A plane passing through the point (3,1,1) contains two lines whose direction ratios are 1,–2,2 and 2,3, –1 respectively. If this plane also passes through the point `(alpha, –3,5)` , then `alpha` is equal to:

To solve the problem step by step, we need to find the value of \( \alpha \) such that the point \( (\alpha, -3, 5) \) lies on the plane defined by the given conditions. ### Step 1: Identify the plane equation The plane passes through the point \( (3, 1, 1) \) and contains two lines with direction ratios \( (1, -2, 2) \) and \( (2, 3, -1) \). The normal vector to the plane can be found by taking the cross product of the direction ratios of the two lines.
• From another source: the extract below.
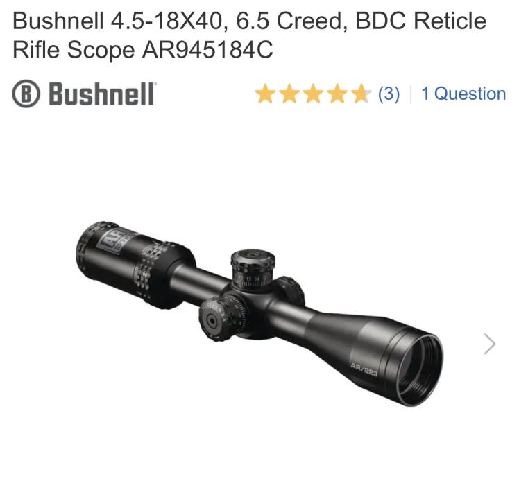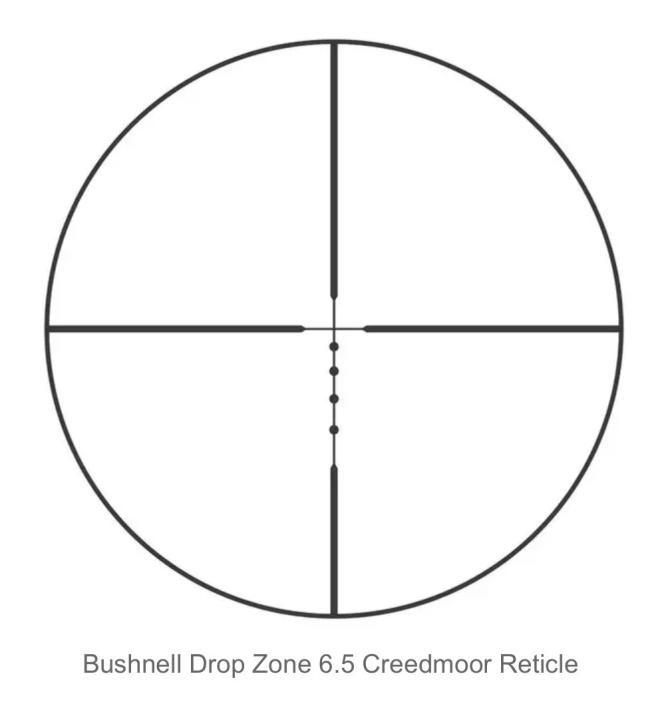 Since its introduction, 6.5 Creedmoor ammunition is a favorite of long-distance shooters and hunters alike. Bushnell®'s AR Optics 4.5-18x40mm scope with Drop Zone 6.5 Creedmoor reticle is designed to maximize the round's performance by providing holdover points for shots out to 600 yards. Tacticalstyle target turrets allow lightning-fast adjustments, and the side parallax focus allows clear target images. The fully multi-coated optics allow for a bright, crisp sight picture and are housed in a durable 1" aircraft-grade aluminum tube.

Let: - \( \mathbf{d_1} = (1, -2, 2) \) - \( \mathbf{d_2} = (2, 3, -1) \) ### Step 2: Calculate the cross product The cross product \( \mathbf{n} = \mathbf{d_1} \times \mathbf{d_2} \) gives us the normal vector of the plane. \[ \mathbf{n} = \begin{vmatrix} \mathbf{i} & \mathbf{j} & \mathbf{k} \\ 1 & -2 & 2 \\ 2 & 3 & -1 \end{vmatrix} \] Calculating this determinant: \[ \mathbf{n} = \mathbf{i}((-2)(-1) - (2)(3)) - \mathbf{j}((1)(-1) - (2)(2)) + \mathbf{k}((1)(3) - (-2)(2)) \] \[ = \mathbf{i}(2 - 6) - \mathbf{j}(-1 - 4) + \mathbf{k}(3 + 4) \] \[ = \mathbf{i}(-4) + \mathbf{j}(5) + \mathbf{k}(7) \] Thus, the normal vector \( \mathbf{n} = (-4, 5, 7) \). ### Step 3: Write the equation of the plane Using the point-normal form of the plane equation, we have: \[ -4(x - 3) + 5(y - 1) + 7(z - 1) = 0 \] Expanding this: \[ -4x + 12 + 5y - 5 + 7z - 7 = 0 \] \[ -4x + 5y + 7z = 0 \] ### Step 4: Substitute the point \( (\alpha, -3, 5) \) Now, we substitute the point \( (\alpha, -3, 5) \) into the plane equation: \[ -4(\alpha) + 5(-3) + 7(5) = 0 \] Calculating this: \[ -4\alpha - 15 + 35 = 0 \] \[ -4\alpha + 20 = 0 \] \[ -4\alpha = -20 \] \[ \alpha = 5 \] ### Conclusion The value of \( \alpha \) is \( 5 \).